Several other researchers have also worked on software-controlled prefetching. This section summarizes their work and relates it to ours.
Porterfield  was the first to explore software-controlled prefetching for uniprocessors. He proposed a compiler algorithm for inserting prefetches into dense-matrix codes. He implemented his algorithm as a preprocessing pass that inserted prefetching into the source code. His initial algorithm prefetched all array references in inner loops one iteration ahead. He recognized that this scheme was issuing too many unnecessary prefetches, and presented a more sophisticated scheme based on dependence vectors and overflow iterations (i.e. the predicted number of iterations where a loop will access more data than fit in the cache). Since the simulation occurred at a fairly abstract level, the prefetching overhead was estimated rather than measured. Overall performance numbers were not presented. Also, the more sophisticated scheme was not automated, since the overflow iterations were calculated by hand, and did not take cache line reuse into account. Despite leaving many important questions unanswered, Porterfield's work demonstrated that software-controlled prefetching was a promising technique that warranted further exploration.
Klaiber and Levy  extended Porterfield's work by recognizing the need to prefetch more than a single iteration ahead. They included several memory system parameters in their equation for how many iterations ahead to prefetch, and inserted prefetches by hand at the assembly-code level. The results were presented in terms of average memory access latency rather than overall performance. Also, in contrast with this dissertation, they proposed prefetching into a separate fetchbuffer rather than directly into the cache. However, as we will discuss in detail later in Section , using a separate fetchbuffer has a number of important disadvantages, including the sacrifice of chip area that could otherwise be used for a normal cache, and the fact that it becomes very difficult to makes prefetches non-binding, which is a crucial property for multiprocessors.
Gornish, Granston and Veidenbaum  presented an algorithm for determining the earliest time when it is safe to prefetch shared data in a multiprocessor with software-controlled cache coherency. Since the prefetches are binding, all control and data dependencies must be carefully considered. Their work is targeted for a block prefetch instruction, rather than the single-line prefetches considered in our study. The proposed schemes are evaluated using a large number of numerical subroutines. Although the speedups predicted from static analysis are quite high, over twofold, the speedups obtained using detailed simulations are limited to 10-20%. The complexity of the compiler algorithm presented in this work illustrates how difficult the compiler's job becomes when binding rather than non-binding prefetches are used. This is in sharp contrast with the simplicity of our non-binding prefetching algorithm, presented later in Section .

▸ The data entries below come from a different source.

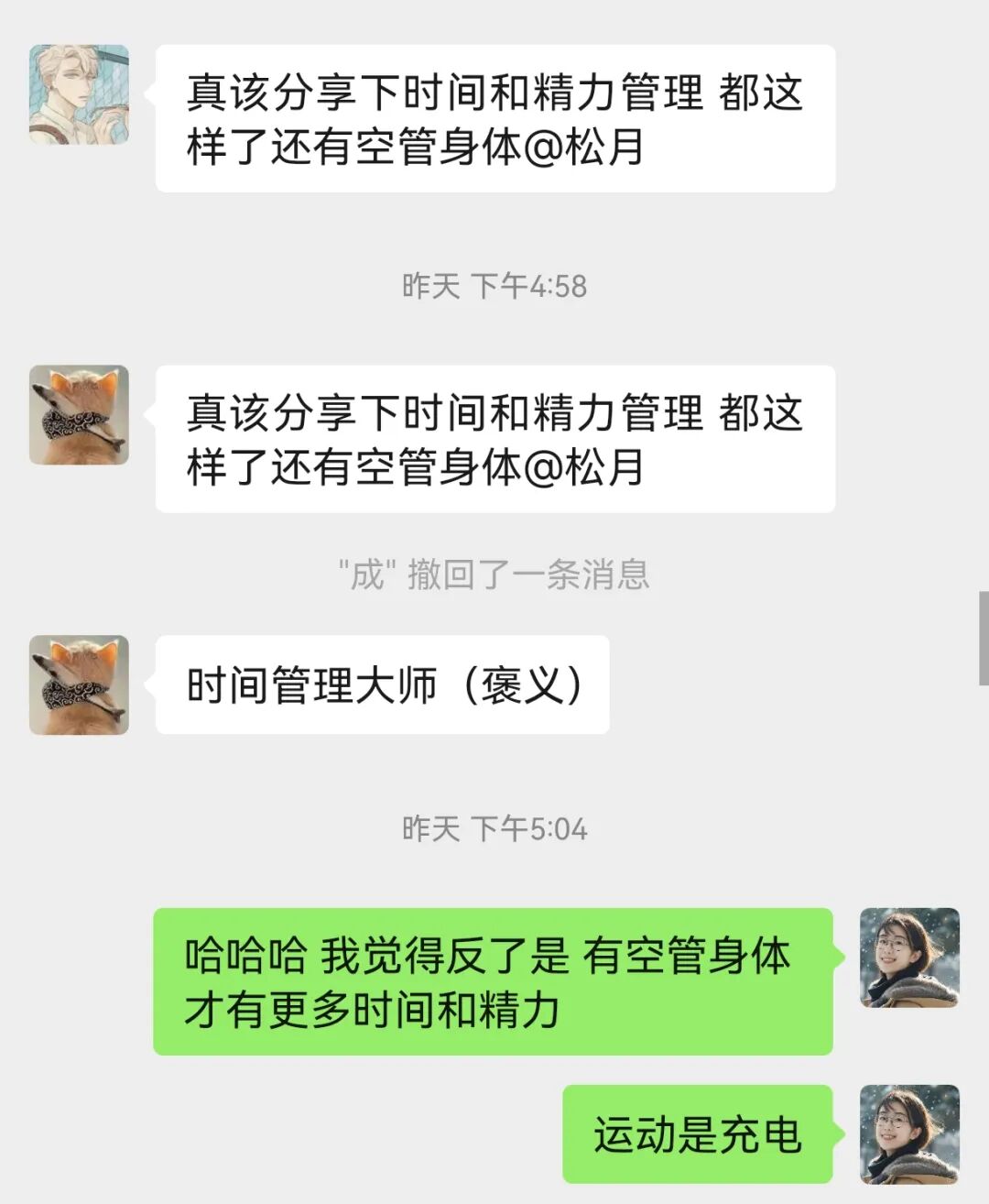 昨天在群里,有朋友问:松月,你都这么忙了,还能有时间搞身体,分享一下怎么做到的?
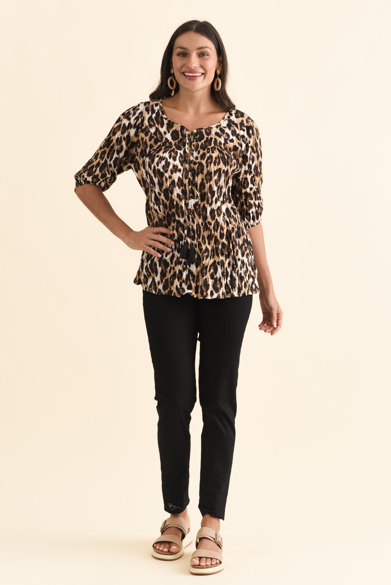 The rounded neckline flows into a cheeky V-split with an adjustable tie
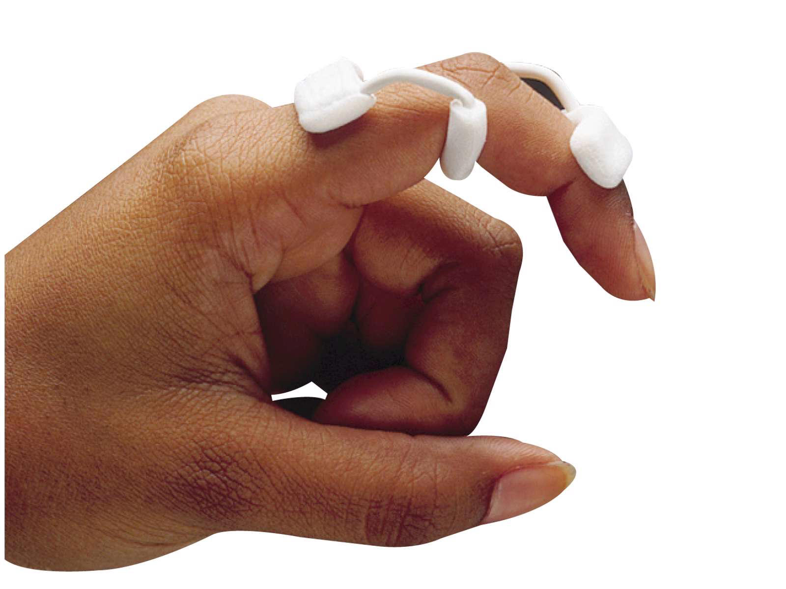 Dynamisk flexionsfingerskena lämplig för breda och svullna fingrar. Används för att minska svanhalsdeformitet och förlängningstäthet i tummens IP-led eller finger-PIP-leden.
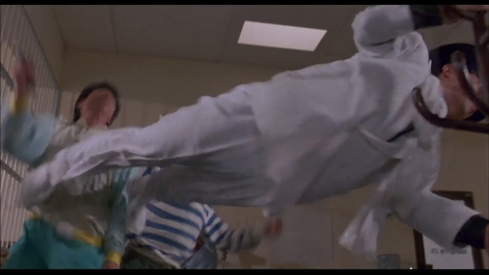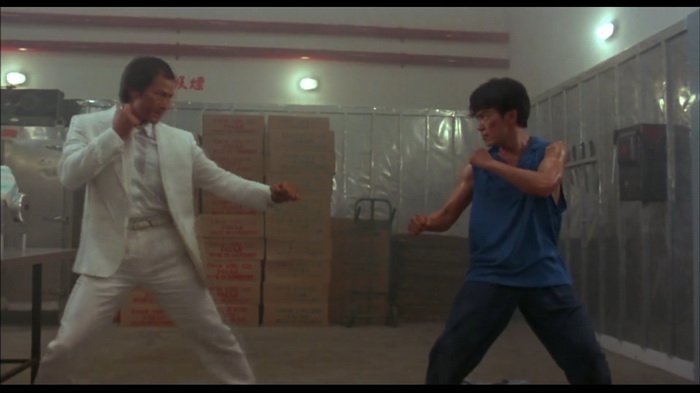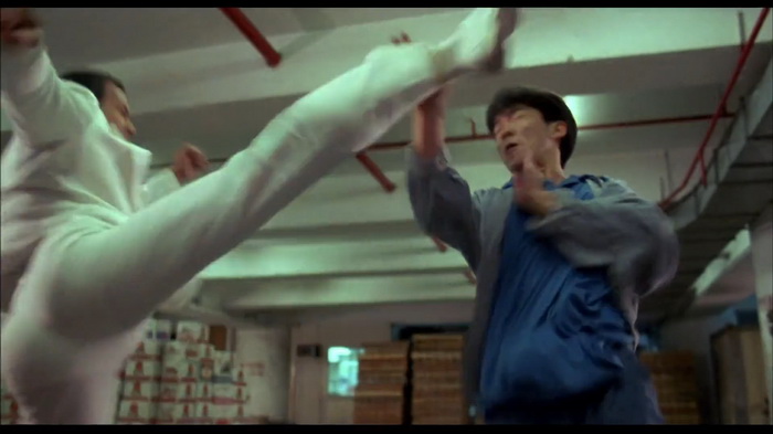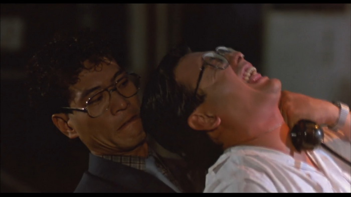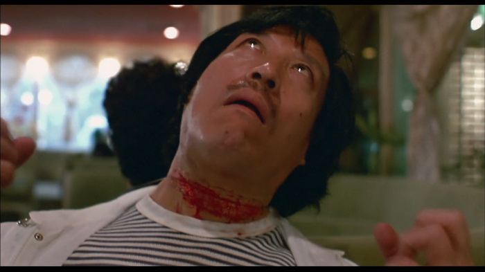Cette partie comédie est le plus souvent sans inspiration, tombant dans la facilité des gags tournant autour du décolleté de Hu Hsiao-Fen, et l’ensemble est souvent alourdi par le jeu over the top et très bruyant de Lowell Lo qui, aussi sympathique soit-il, finit par devenir assez lourdingue tant il passe son temps à gesticuler dans tous les sens. Ces gags, qu’ils soient ratés ou réussis, prennent énormément de place et ralentissent beaucoup la partie policière / action du film au point que, lorsque le final arrive, on a l’impression que quelqu’un s’est dit « Bordel mais on est à 1h15 de film ! Il faut lancer de suite la scène d’action finale ! ». Du coup, Rosa est quand même relativement avare en action et c’est dommage car le tout petit affrontement de la première heure laissait présager du bon et si Joe Cheung avait eu rajouter de la bonne baston ci et là, l’intérêt d’en aurait été que plus grand. Ici, on préfère tout concentrer dans le dernier quart d’heure dans un climax bien fou comme Hong Kong le faisait souvent à cette époque. Le trio Yuen Biao / Yuen Wah / Lam Ching-Ying fait des merveilles avec des échanges de coups et des cascades qui nous rappellent pourquoi on aime tant le cinéma de Hong Kong. On a d’un côté l’excellent Kara Hui qui va affronter tout un tas d’hommes de main pendant que de l’autre, Yuen Biao se frotte à Dick Wei après avoir lui aussi balancé quelques tatanes sur des sbires. bien que nous ne soyons pas là dans les meilleurs combats qu’on put procurer aussi bien Biao, Hui que Wei, l’ensemble se fait efficace, nerveux, avec des chouettes chorégraphies, et on se sent enfin récompensé d’avoir quand même un peu souffert après la première heure pas souvent très drôle du film. En résulte un film moyen, certes au final pas désagréable non plus, mais bien en deçà des meilleures comédies d’action que Hong Kong a produit à cette époque.
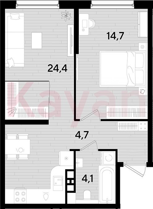 Продажа 1-комн. квартиры, 47.9 кв.м
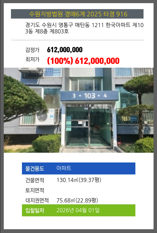 수원아파트경매 수원시 영통구 매탄동 1211 한국아파트 제103동 제8층 제803호 №2025 타경 916
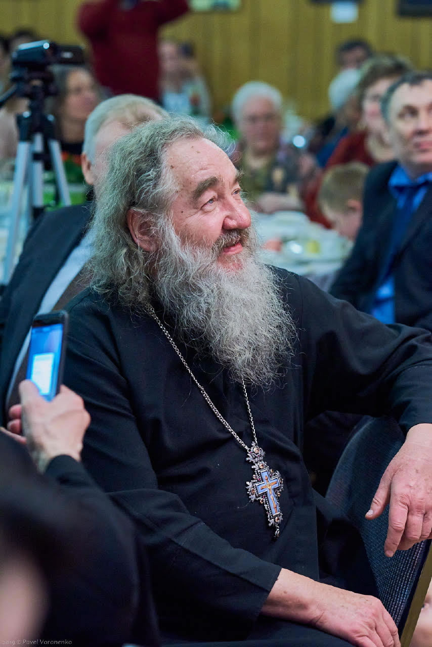 После литургии все желающие спустились в обширный зал на блины, во время которых учащиеся приходской школы предложили прихожанам и гостям художественную программу. С речами выступили прот. Владимир Мальченко, почетный гость праздника, Генконсул Российской Федерации в г. Торонто – Кирилл Сергеевич Михайлов, председатель Русского дома в Торонто Ольга Геннадьевна Гребенчук и прот. Петр Перекрестов. После блинов и перерыва отец Петр провел встречу с прихожанами, рассказав им о новых малоизвестных сведениях из жизни св. Иоанна. Два отрывка из последней книги о. Петра о св. Иоанне,«Пастырь. Учитель. Друг», были прочитаныТатьяной Давидовной Суходольской, а в заключение встречи была показана редкая кинохроника св. Иоанна и службы его прославления.
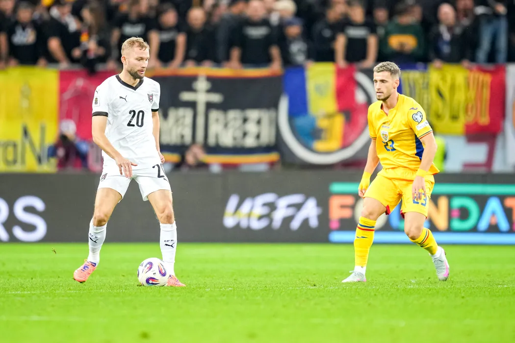 Konrad Laimer (S), de la nationala de fotbal a Austriei, lupta pentru balon cu Vlad Dragomir (D), de la selectionata Romaniei, in meciul din preliminariile Cupei Mondiale din 2026, disputat pe Arena Nationala din Bucuresti, duminica, 12 octombrie 2025. MARC MARASESCU / MEDIAFAX FOTO
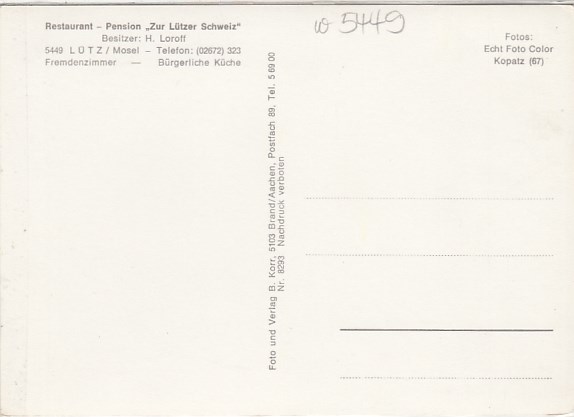 1085 [5449w2] |  | Lütz Mosel Lützbachtal ca 1965 | 4.00EUR | In den Warenkorb |
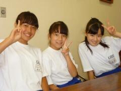職員研修が終わってふと校庭に目をやると、緑ジャージの二人連れを発見!!どうやら大登先生に会いに来たようです。二人は、吹奏楽部と書道部でがんばっているそうです。いつでも遠慮無く「母校」に遊びに来てくださいね。
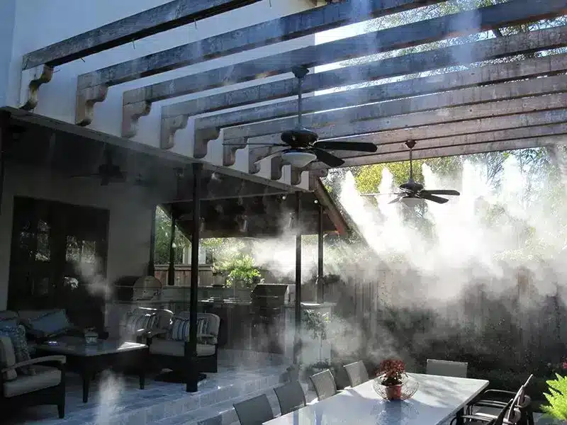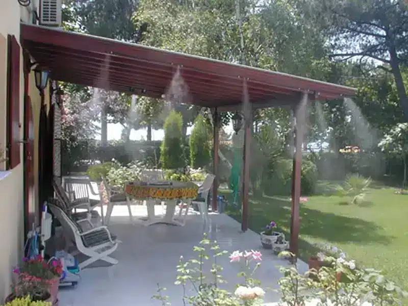 Po podłączeniu do wody z dysz będzie rozpylana delikatna orzeźwiająca mgiełka. Pozwala ona schłodzić otoczenie o około 10°C. Dodatkowo odstrasza różnego rodzaju insekty i owady. Woda z dysz będzie się powoli sączyć, co nie doprowadzi do za dużego zużycia wody.
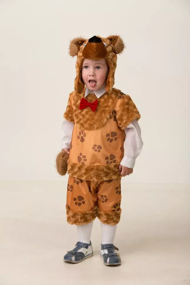Замечательный костюм на Новый год "Собачка Бобик" несомненно, понравится любому мальчишке, да и некоторые девочки заходят превратиться в такого милого песика. Одежда не сковывает движений и отлично смотрится на дошкольниках и учащихся начальных классов. Нарядный комплект состоит из шорт и жилетки, также есть шапка-маска, которая легко надевается и не слетает во время игр вокруг новогодней елки. Маскарадный костюм пошит из плюша с принтом, изображения собачьих лапок превосходно дополняют этот образ. Для больше правдоподобности используется искусственный коричневый мех, из которого сделана отделка по краю одежды и хвост.
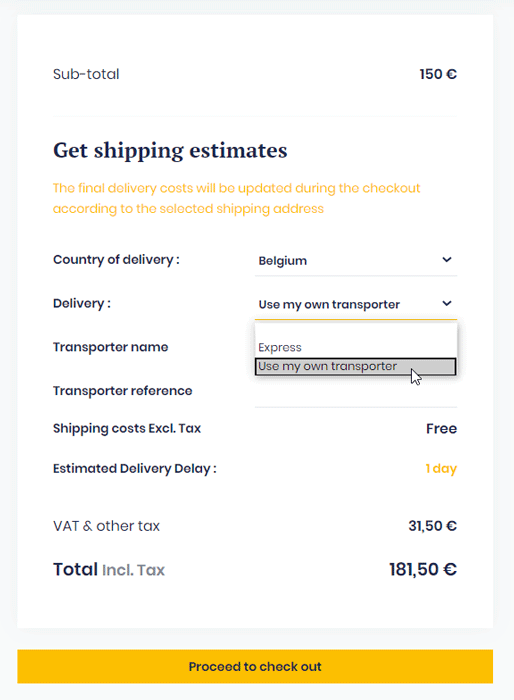 The “Express Delivery” option is automatically selected but, if you wish, you can also use your own transporter (please refer to the next question of this FAQ).
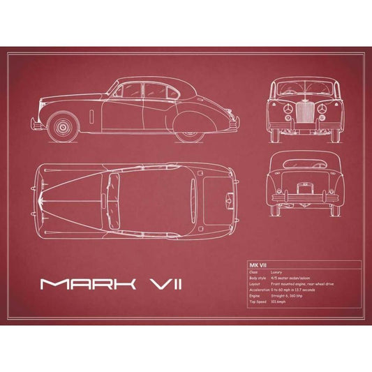 Jaguar MkVII-Maroon White Modern Wood Framed Art Print by Rogan, Mark

Chen et al.  investigated prefetching for non-numerical codes. They attempted to move address generation back as far as possible before loads to hide a small cache miss latency (10 cycles), and found mixed results. Generating addresses early is difficult in non-numerical code because control and data dependencies tend to be tight, and the access patterns can be very irregular. Although these codes are difficult to prefetch, they also tend to make better use of the cache than numerical codes and therefore typically suffer less from memory latency. Because of the difficulty of prefetching highly irregular access patterns and the relatively small expected gains, we chose not to focus on this class of applications during this dissertation.
Tullsen and Eggers  post-processed reference traces to evaluate the performance of an ``oracle'' prefetching scheme on a bus-based multiprocessor architecture with limited bandwidth. They observed that if an application is already bandwidth-limited, prefetching cannot improve performance. However, because of their post-processing trace methodology, they were not able to make proper use of exclusive-mode prefetches, which can potentially eliminate up to half of the memory bandwidth consumption. As we will show later in Section , exclusive-mode prefetching eliminates up to 27%of the memory requests in our applications, which would have translated directly into improved performance in their bus-bandwidth-limited architecture.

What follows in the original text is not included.